Residual products becomes plant nutrition and phosphate
Digestate will, after fermentation, be further processed in the plant into an organic soil improver, with a low content of phosphate and nitrogen and a fixed, singular phosphate manure that can serve as raw material to the fertiliser sector. Another (wet) fraction is treated during various processes and filtrations and will eventually result in a liquid fertiliser and clean water. The nitrogen in that manure can replace chemical nitrogen as a fertiliser. The fertiliser is directly applied close to the roots of the crop by specially designed turf-care equipment and can because of this be used for precision techniques. Practical trials from 2018 show that this fertiliser can replace chemical fertilisers.
Phosphate to go to areas lacking it
The Netherlands has, because of the import of fodder, to deal with a phosphate surplus, but many areas elsewhere in the world know deficiencies. By regaining phosphate from animal manure in the Dutch agricultural sector, as a concentrated phosphate product, valuable raw material for fertiliser emerges. Because of this, also the volume of manure that has to be transported is reduced by 90%: so instead of ten vans only one has to be driving. After upgrading into fertiliser granules, phosphate can be delivered to areas with a deficit, of which there are still many in Europe.

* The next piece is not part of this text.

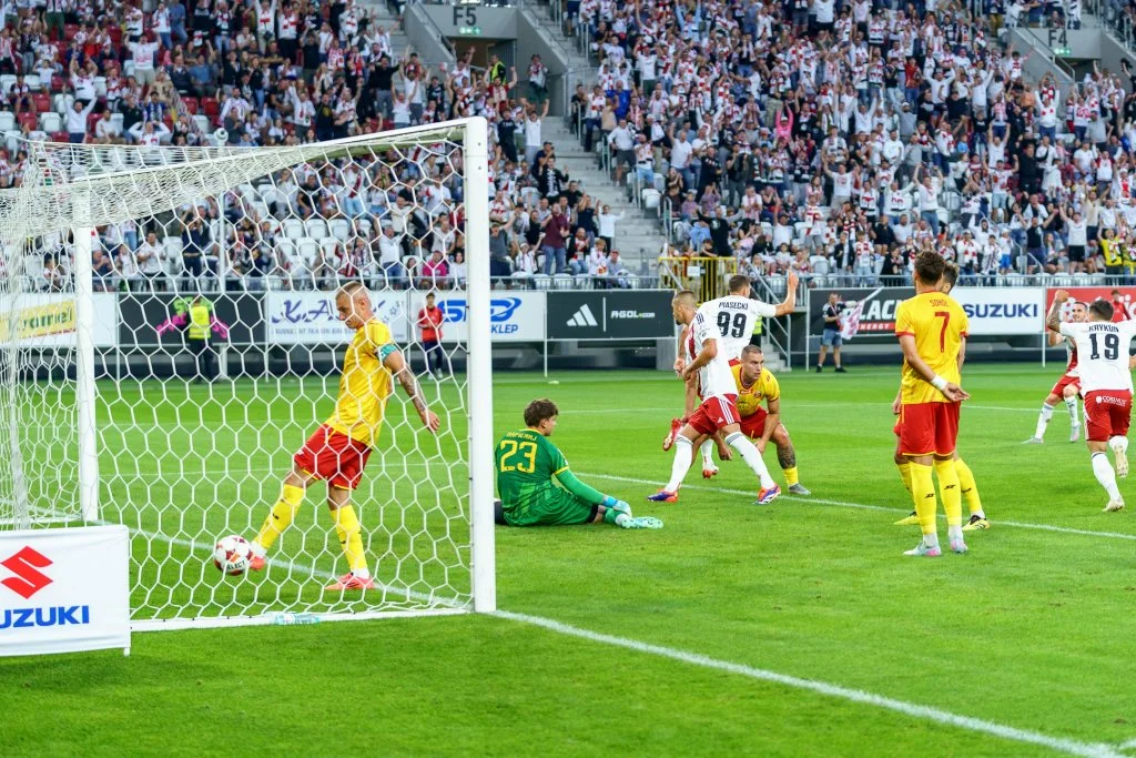 ŁKS potrzebował kilku minut, żeby wejść na właściwe obroty, ale jak już to zrobili, to zdominowali przeciwnika na długie minuty pierwszej połowy. W poprzednim sezonie łodzianie też potrafili prowadzić grę, ale mieli ogromny problem ze znajdowaniem drogi do siatki. Tym razem zrobili to już w 11. minucie. Zamieszanie w polu karnym wykorzystał Filip Piasecki i z bliska otworzył wynik tego meczu.

Research into circular and sustainable economy
The new plant contributes in this way to agricultural systems where nutrients from waste flows (manure, waste water, organic waste residues) are better utilized. Researchers of WUR are coordinating a large European Research Project called SYSTEMIC, in which, together with industry and other knowledge institutes, a transition to a more circular and sustainable economy can take shape. On five large-scale demonstration locations, among which Groot Zevert Vergisting BV, innovative solutions are actually being implemented. Scientific studies and evaluations will be carried out and published. Subjects are the course and possible improvement of the production process, the business cases and agricultural and environmental aspects.